Learn foraging to twenty safe wild foods in one season

One growing season of reading, app practice, and at least one walk with a real forager gets a beginner to twenty plants they can identify cold and eat without doubt. About 80 hours total. Read this carefully: misidentification can kill you. Wild carrot, water hemlock, false morels, and several common look-alikes are seriously toxic or fatal. If you are not 100 percent certain, you do not eat it.
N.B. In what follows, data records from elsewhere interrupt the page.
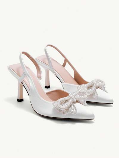 CUCCOO CHICEST Women's Pointed-Toe Stiletto High Heels, Faux Pearl & Rhinestone Bow Decor, Elegant Formal Party Wedding Guest Dress Shoes, White For Christmas Elegant Shoes Wedding Shoes Summer Shoes Bride Shoes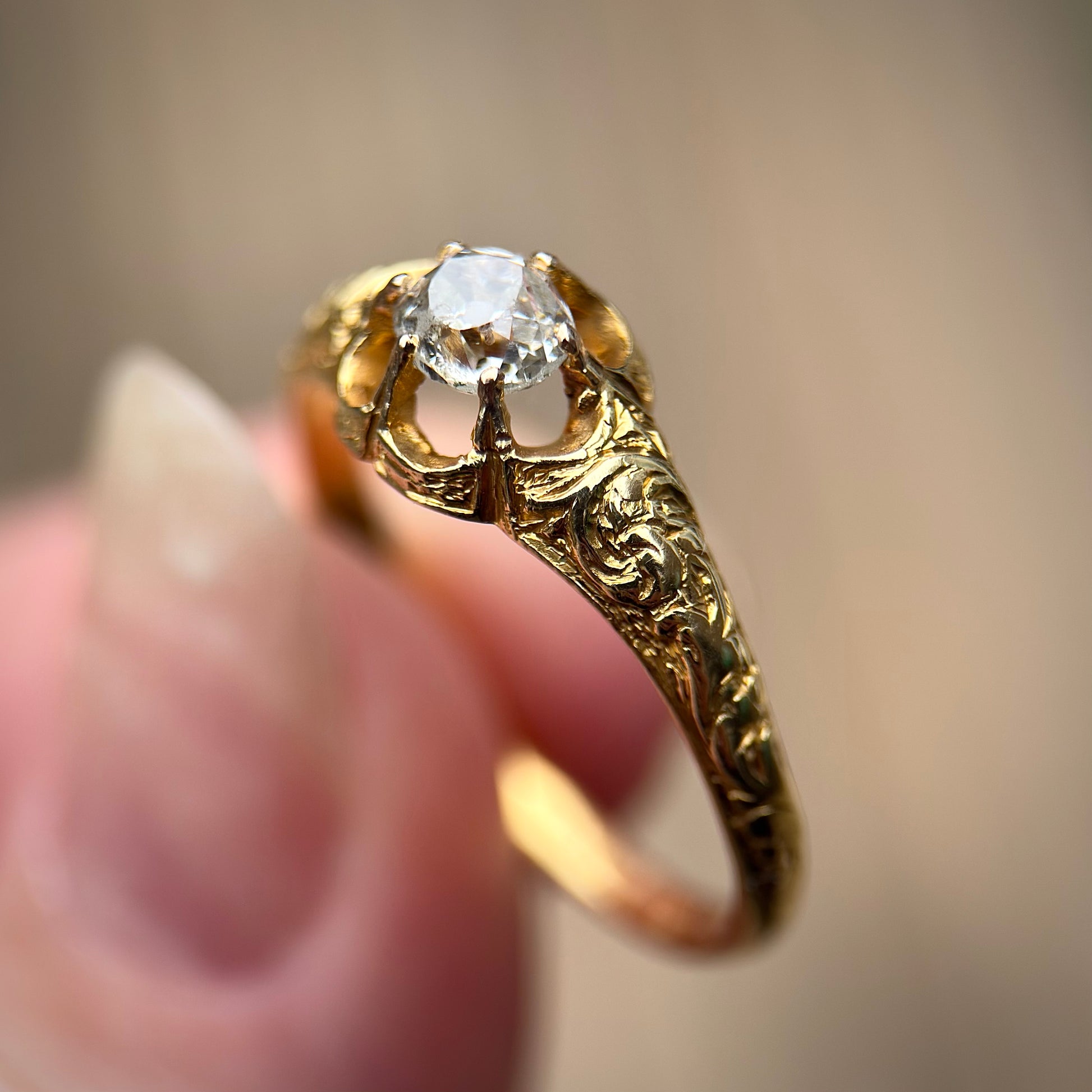This Antique Diamond gypsy ring features a bright, white old mine cut diamond, approximately 0.40ct (4.7mm x 4.1mm x 3.2mm), there are some natural inclusions and surface nibbles typical of antique stones, visible under 10x magnification and in the detailed images. The ring has gorgeous scroll detailing on the shoulders.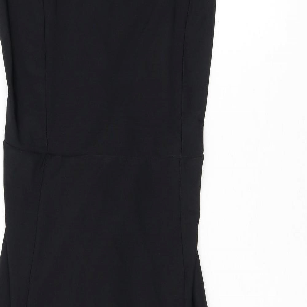 PRETTYLITTLETHING Womens Black Polyester Mini Size 12 Off the Shoulder Pullover - Frills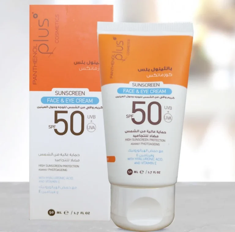 بانثينول بلس كوزماتيكس كريم واقي شمس للوجه وحول العينين 50 مل PANTHENOL PLUS COSMETICS SUN SCREEN FACE AND EYE CREAM كريم واقي شمس للوجه والعينين حماية عالية من اشعة الشمس SPF50 لجميع انواع البشرة, مضاد للتجاعيد والجذور الحرة .كريم يومي للوجه وحول العينين يقدم حماية عالية من التجاعيد المبكرة للجلد التي تسببها الشمس, مع عامل حماية SPF50 العالي فإنه يحمي بشكل فعال من الاشعة فوق البنفسجية UVA/UVB الضارة .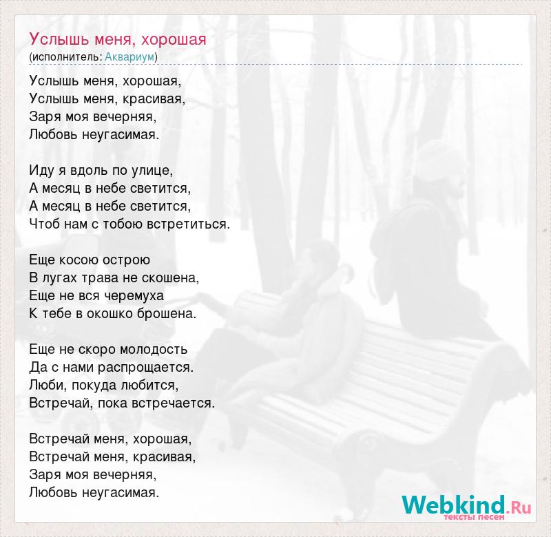 Услышь меня, хорошая, Услышь меня, красивая, Заря моя вечерняя, Любовь неугасимая. Иду я вдоль по улице, А месяц в небе светится, А месяц в небе светится, Чтоб нам с тобою встретиться. Еще косою острою В лугах трава не скошена, Еще не вся черемуха К тебе в окошко брошена. Еще не скоро молодость Да с нами распрощается. Люби, покуда любится, Встречай, пока встречается. Встречай меня, хорошая, Встречай меня, красивая, Заря моя вечерняя, Любовь неугасимая.
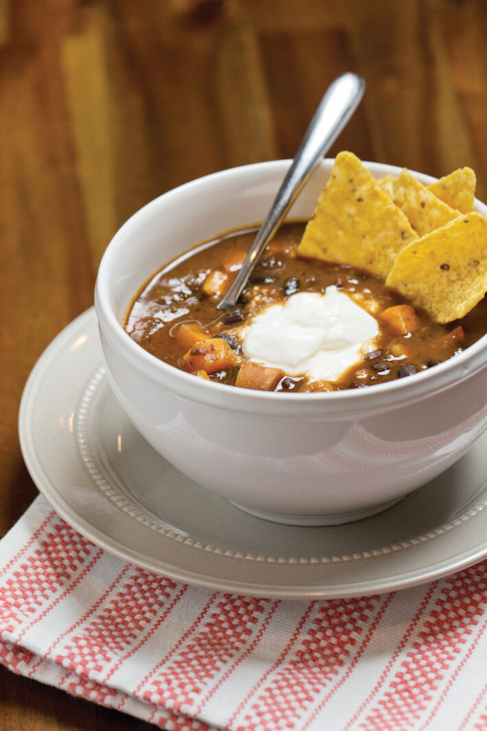 5. Remove 3 cups of the soup out of the pot and mash with a potato masher then add back to the soup and stir. Portion into bowls and top with a dollop of sour cream and chips.

~6 months · ~80 hours · 20 wild plants you'd stake your life on

Months 1–6 · keep on the kitchen table

1.Sam Thayer's Field Guide to Edible Wild Plants

Thayer has been foraging professionally for thirty years and writes the most rigorous, photo-rich edible-plant guide in print. The 2023 edition covers 679 species across eastern and central North America with 1,700 color photos and explicit notes on the plants that get people poisoned. If you live in the West or outside North America, you need a different regional guide — generic global "edible plants" books will get you killed. Buy the book that matches your bioregion.

~$45 paperback

Forager's Harvest →
Months 1–6 · daily, on every walk

2.iNaturalist

Free app from the California Academy of Sciences. Photograph any plant, get a machine-vision suggestion, and human experts on the platform confirm or correct your ID within hours. Use it to build a personal catalog of plants near your home — edible or not. Treat its suggestions as a hypothesis, never a verdict. Cross-check every edible against Thayer before it goes near your mouth.

Free

iNaturalist →
Month 2 or 3 · one full day

3.One walk with a real forager

This is the step nobody skips and survives long-term. Find a paid foraging walk in your region — most metropolitan areas have one, run by a botanist, mycologist, or trained forager, typically $40–80 for a half-day. You will learn more in three hours with someone who knows the local toxic look-alikes than in three months of reading. State mycological societies and regional plant societies often run free walks too. Go on at least one before eating anything novel.

$40–80 for a guided walk; often free through local plant or mycology societies

Ongoing · the rule

4.The two-source rule

For every plant you intend to eat, confirm identification against at least two independent sources — typically Thayer plus a confirmed iNaturalist ID, or Thayer plus your forager mentor. Eat a small test quantity first. Never eat a plant you've identified only by app. Never eat a wild mushroom in your first season without an in-person mycologist's confirmation. Foragers who cut corners on this end up in emergency rooms or worse, and "I was pretty sure" is on the headstones.

If you want to focus on mushrooms

Mushroom foraging is its own discipline and far more dangerous than plants — death cap and destroying angel are common, deadly, and resemble edibles. Replace Thayer with a regional mycology guide for your area (e.g. Mushrooms of the Pacific Northwest by Steve Trudell for the West, Mushrooms of the Northeastern United States by Bessette for the East), and join your local mycological society. Do not, under any circumstance, eat a wild mushroom in your first year without an experienced mycologist physically holding it and confirming.

Why this path

Foraging culture online is full of confident-sounding people who don't know what they don't know. The bottleneck is never enthusiasm — it's the small, terrifying gap between a tasty plant and the plant that looks just like it. Thayer is honest about that gap. iNaturalist gets you reps. The guided walk catches the mistakes you'd otherwise make alone. The two-source rule keeps you alive long enough to actually get good.